We could do the things that have been called for in the public domain by advocates in this space, if we genuinely wanted to deliver significant benefit and change in housing affordability, and address the emergency that we face.  We could look at vacant property taxes, or capping the movement of whole dwellings from our private rental market into the short-term accommodation market.  So far, we are tinkering around the edges.  We are not even delivering catch-up through what has been proposed.  I say proposed, because the announcement of around a billion dollars and the 10 000 homes over a decade is laudable.  Until we see it delivered we cannot rely on it, and it certainly is a longer term outcome.  It is not doing anything right now, and this bill is doing nothing to accompany it and deliver a better outcome.

We know the federal government could also step up.  We would like to see the federal government address this sort of thing through increasing JobSeeker and rental assistance, providing funding to build more social and public housing, and taxation reform on a federal level. 

Mr President, I do not support the bill, because I do not support the policy that is in it.  I consider it is utterly ham-fisted and problematic in design.  It lacks an evidence base or anything that says this is the right thing to do or indicates it is delivering the outcomes it makes claims to.   In a sneaky way, it is delivering an outcome that I consider is perverse in the current context.  It delivers benefit to those who are unlikely to be amongst those most vulnerable to, or most affected by, cost of living and affordable housing challenges.  I encourage the Government to investigate those other public policy measures that could be implemented, whether we draw ideas from interstate jurisdictions, or we look at those other things that are available to us within our current context.  If they do want to make changes to land tax, I encourage them to think about making it more directly linked to the outcomes put forward.  Put something in there that requires a downward movement in rents, for example, rather than a fanciful suggestion that it might occur.

In considering this bill, we have to ask ourselves what value will the state receive for foregoing the revenue that is represented in it – that $39 million?  Is that best use of our shared resources, this gift to property owners?

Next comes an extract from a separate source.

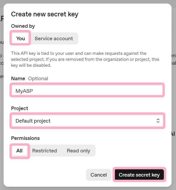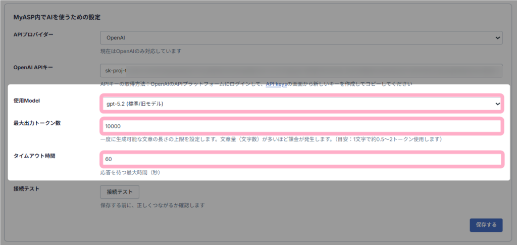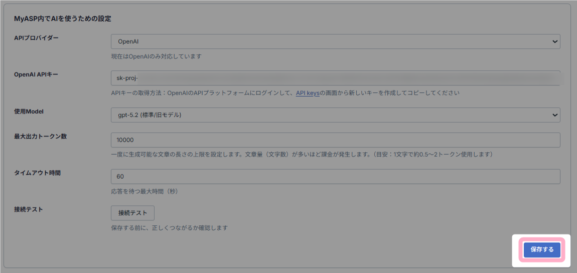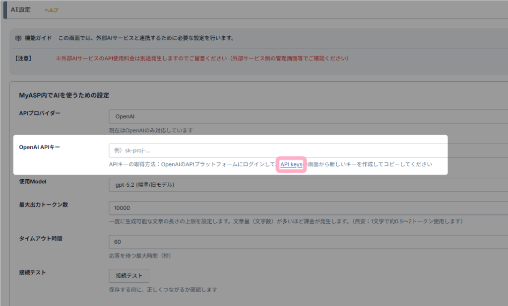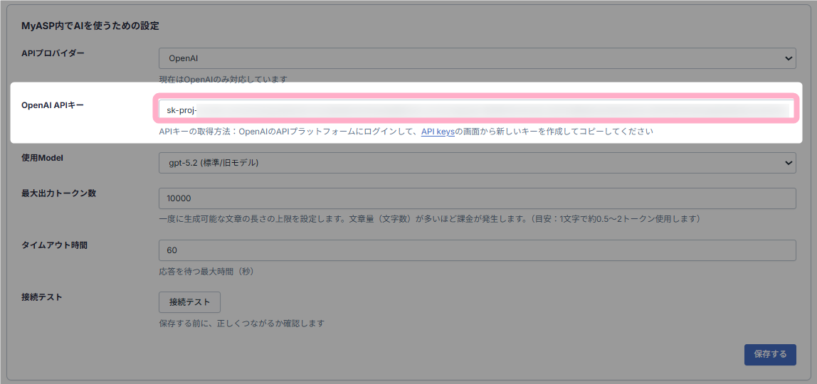 6.MyASP管理画面の「OpenAI APIキー」に(5)でコピーした値を貼り付けます。

We should be very careful in our current context, knowing the pressures on our state budget, and the many responsibilities the Government has to meet in this current COVID-19 pandemic.  We should be particularly careful about how we allocate our resources.  I put it to this Chamber and to the community that $39 million as a gift to people like us is the wrong way for us to be investing precious dollars from our state resources when we know that there are people out there in much more dire need for the services and support that could be delivered with that money.

Mrs HISCUTT (Montgomery – Leader of the Government in the Legislative Council) – Mr President, the member for Murchison and the member for Nelson posed quite a few questions.  I undertake to compile a list of the things that we are doing to help those people and will email all that to members for their information.

Ms Webb –  Through you, Mr President.  That was not a question.  I did not ask for a list of things that you are doing to help anyone.

Mrs HISCUTT – The member for Murchison wanted to know what we were doing; and I will get the answers to your questions to you as soon as I can.